→ **DATA FOR PROCESSING**
◆ ◆ ◆ ◆ ◆

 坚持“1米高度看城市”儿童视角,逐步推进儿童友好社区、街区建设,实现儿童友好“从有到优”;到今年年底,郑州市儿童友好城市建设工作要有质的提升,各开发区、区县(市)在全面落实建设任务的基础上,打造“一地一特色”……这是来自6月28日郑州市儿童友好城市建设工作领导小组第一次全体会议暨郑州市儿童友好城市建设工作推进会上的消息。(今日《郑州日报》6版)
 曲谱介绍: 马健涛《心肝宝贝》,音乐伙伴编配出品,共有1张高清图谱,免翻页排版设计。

◆ ◆ ◆ ◆ ◆

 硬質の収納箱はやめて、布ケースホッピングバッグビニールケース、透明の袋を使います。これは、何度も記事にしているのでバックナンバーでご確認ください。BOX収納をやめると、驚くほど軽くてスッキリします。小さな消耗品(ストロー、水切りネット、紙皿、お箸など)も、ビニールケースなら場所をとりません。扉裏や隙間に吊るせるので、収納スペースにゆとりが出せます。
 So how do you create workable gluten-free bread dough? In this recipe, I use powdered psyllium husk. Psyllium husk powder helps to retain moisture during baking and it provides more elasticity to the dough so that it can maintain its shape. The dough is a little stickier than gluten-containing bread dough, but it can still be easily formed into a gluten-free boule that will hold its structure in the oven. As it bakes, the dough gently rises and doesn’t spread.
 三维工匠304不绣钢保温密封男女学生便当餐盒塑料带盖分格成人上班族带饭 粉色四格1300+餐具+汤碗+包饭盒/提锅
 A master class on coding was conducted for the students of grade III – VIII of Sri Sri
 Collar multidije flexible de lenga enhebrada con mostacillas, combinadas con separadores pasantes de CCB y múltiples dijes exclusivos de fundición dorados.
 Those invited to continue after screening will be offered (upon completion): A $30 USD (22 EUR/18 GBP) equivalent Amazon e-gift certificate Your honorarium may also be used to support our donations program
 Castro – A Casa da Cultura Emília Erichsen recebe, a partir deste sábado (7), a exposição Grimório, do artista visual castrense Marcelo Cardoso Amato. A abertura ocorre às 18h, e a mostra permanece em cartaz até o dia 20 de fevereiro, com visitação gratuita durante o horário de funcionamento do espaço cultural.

◆ ◆ ◆ ◆ ◆

→ **YOUR OBJECTIVE**
Above are the records; print exactly the lines from the line with "Collar multidije flexible" to the line with "Castro – A Casa", including both, and nothing else.

→ **EXERCISE SOLUTION**
 Collar multidije flexible de lenga enhebrada con mostacillas, combinadas con separadores pasantes de CCB y múltiples dijes exclusivos de fundición dorados.
 Those invited to continue after screening will be offered (upon completion): A $30 USD (22 EUR/18 GBP) equivalent Amazon e-gift certificate Your honorarium may also be used to support our donations program
 Castro – A Casa da Cultura Emília Erichsen recebe, a partir deste sábado (7), a exposição Grimório, do artista visual castrense Marcelo Cardoso Amato. A abertura ocorre às 18h, e a mostra permanece em cartaz até o dia 20 de fevereiro, com visitação gratuita durante o horário de funcionamento do espaço cultural.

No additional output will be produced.